A high-performance amperometric sensor based on a monodisperse Pt-Au bimetallic nanoporous electrode for determination of hydrogen peroxide released from living cells

Abstract

A neotype electrochemical sensor based on a three-dimensional nanoporous gold (3D-NPG) electrode decorated with ultra-thin platinum nanoparticles (Pt NPs) was fabricated for high-performance electrocatalysis and sensitive determination of hydrogen peroxide (H₂O₂) released from pheochromocytoma (PC12) cells. The monodisperse Pt-Au bimetallic nanoporous (Pt-Au-BNP) electrode prepared by cyclic voltammetry electrodepositing monolayer Pt NPs on the surface of the 3D-NPG electrode was characterized by scanning electron microscopy (SEM), X-ray photoelectron spectroscopy (XPS), and energy-dispersive spectroscopy (EDS).
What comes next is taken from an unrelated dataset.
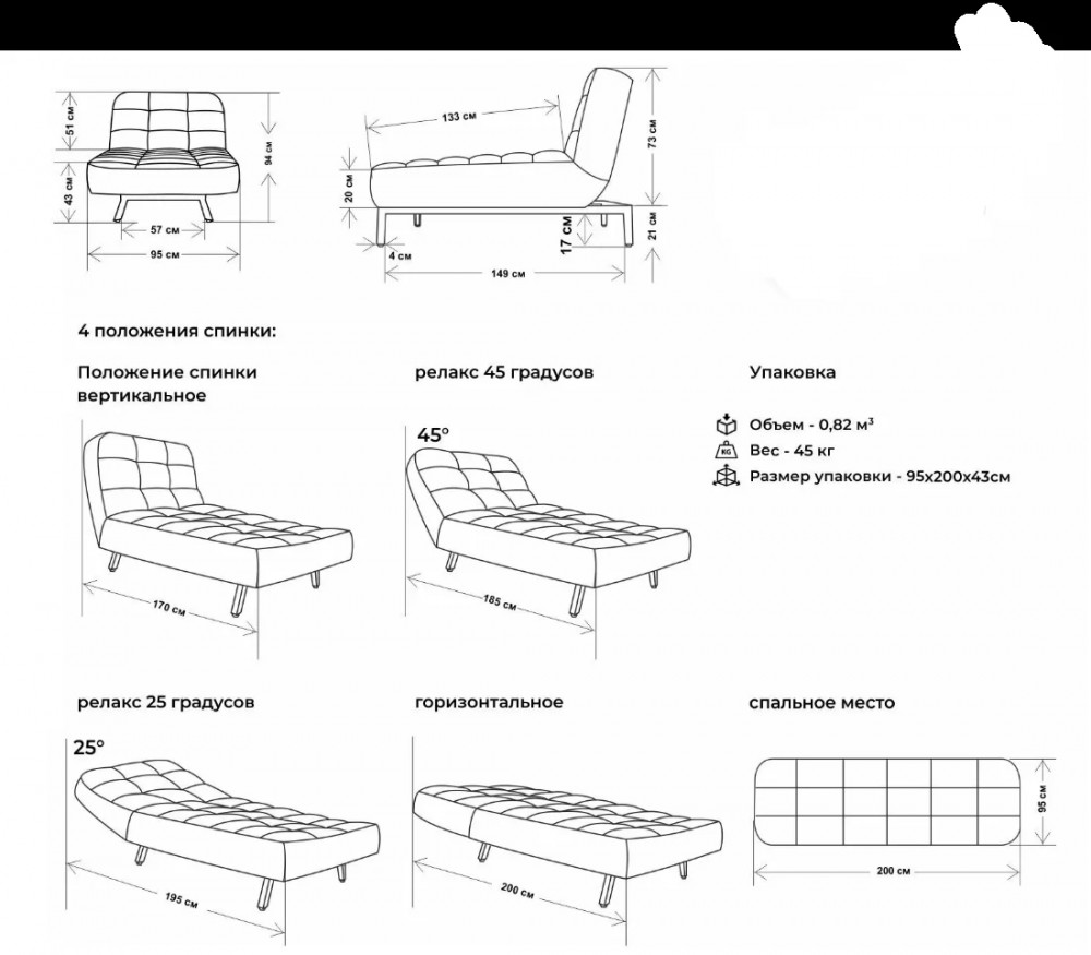 Кушетка Vita - изысканный предмет, который влюбляет в себя с первого взгляда. Она станет самым частым местом отдыха у всей семьи. Регулируемая спинка с 4 положениями, сиденье средней жёсткости и комфортная длина позволяют расправить спину, разгрузить позвоночник и вытянуть ноги для полноценного отдыха. Это прекрасное место для работы с ноутбуком, просмотра журналов или чтения книг. Встроенный механизм трансформации спинки турецкого производства. Он не только опускает и поднимает спинку в горизонтальное и вертикальное положения, но и позволяет устанавливать 2 положения релакс (45 и 25 градусов). Положения релакс – лучшее решение для отдыха в конце рабочего дня. На такой кушетке обязательно захочется отдохнуть, расслабится и набраться сил для новых целей. Кушетка Vita - это находка для будущих мам. Комфортное положение спинки снизит нагрузку на позвоночник при кормлении малыша, а удлинённое основание обеспечит отдых для ваших ножек, сохраняя здоровье и красоту. Оптимальная ширина кушетки вмещает маму с ребёнком, а также двух детей или влюблённых в крепких объятьях. Кушетка Vita , заменит не только обычное привычное многим кресло, но и станет комфортным спальным местом (95 х 200 см) для взрослого человека. С мебелью коллекции Vita вы забудете о передвижении мебели, во время уборки. Высота ножек у кушетки - 17 см. Проводить влажную уборку самостоятельно и при помощи робота-пылесоса станет намного проще. Неровность пола, стыки с ковровым покрытием вы легко отрегулируете подпятниками. Они же защитят напольное покрытие от повреждений. В своём интерьере вы сможете собрать всю коллекцию Vita , в которую входит: диван, кушетка, кресло и пуф. Модели можно комбинировать друг с другом по вашему желанию. Ткань обивка кушетки выполнена из мягкого, приятного и «дышащего» велюра с отсутствующим пальчиковым эффектом. Ткань износостойкая с влагоотталкивающей пропиткой – легко моется и быстро сохнет.

Amperometric response for H₂O₂ measurement was chosen at an applied potential of - 0.4 V. Upon optimal conditions, the wide linear range for the amperometric determination of H₂O₂ was from 0.05 μM to 7.37 mM, with a limit of detection (S/N = 3) of 1.5 × 10^-8 mol/L and a high sensitivity of 1.125 μA μM^-1 cm^-2, certifying the large electrocatalytic action of the Pt-Au-BNP electrode. The proposed sensor has been successfully applied to the dynamic determination of H₂O₂ released from PC12 cells (from which the H₂O₂ generated by each cell was about 52.5 amol) with negligible interference. Thus, the proposed new electrochemical sensor displays potential applications for the dynamic, real-time monitoring of key small molecules secreted by living cells, further deepening the understanding of cell behavior stimulated by foreign materials. Graphical Abstract .

Keywords: H2O2; Monodisperse Pt–Au bimetallic nanoporous electrode; PC12 cells; Three-dimensional nanoporous gold.